An arbitration clause contained in the articles of association of a limited liability company (società a responsabilità limitata) is affected by nullity, which may be raised by the court of its own motion, pursuant to Article 34(2) of Legislative Decree No. 5 of 17 January 2003 (now Article 838-bis(2) of the Code of Civil Procedure), where it does not provide for the appointment of arbitrators by a person unconnected with the company, but leaves such appointment to the parties themselves, each party designating one arbitrator and the third arbitrator, as chair of the tribunal, being chosen by agreement between the first two or, in the event of disagreement, by the President of the Court. Such nullity applies also in the case of contractual arbitration (arbitrato irrituale).
The rule of validity of the arbitration agreement requiring the appointment of the entire arbitral body by a third party unconnected with the company is mandatory in nature and cannot be derogated from by the parties.

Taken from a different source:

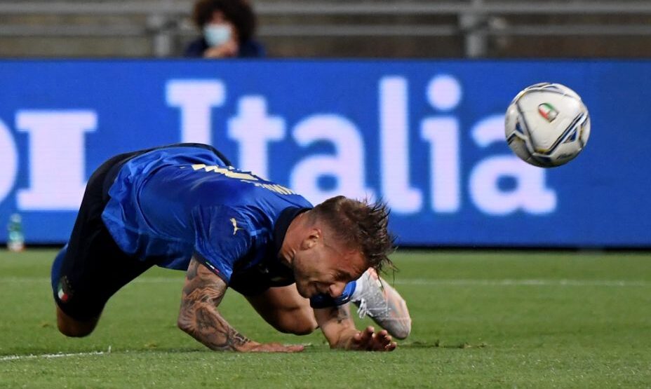 Встреча с чехами позволила Манчини проверить основной состав своей сборной. Главный тренер выпустил в старте большую часть местных лидеров. В том числе и форварда Чиро Иммобиле, пропустившего голевое избиение Сан-Марино неделей ранее. Страйкер «Лацио» и открыл счет в середине тайма, ворвавшись в штрафную чехов и поймав голкипера Павленку на противоходе. К концу же первых 45-ти минут Барелла снова огорчил «народную команду», причем гол получился курьезным. Игрок «Интера» бил в «девятку», но отскок от защитника Брабеца перенаправил мяч по другой траектории прямо за шиворот вратарю.

The challenge to the report on the company’s financial position referred to in Articles 2482-bis and 2482-ter of the Civil Code, which is equivalent in structure and function to that provided for by Article 2446 of the Civil Code for joint-stock companies (società per azioni), insofar as it concerns the breach of the principles of clarity and accuracy in the preparation of such report, cannot be referred to arbitrators by virtue of an arbitration clause contained in the articles of association.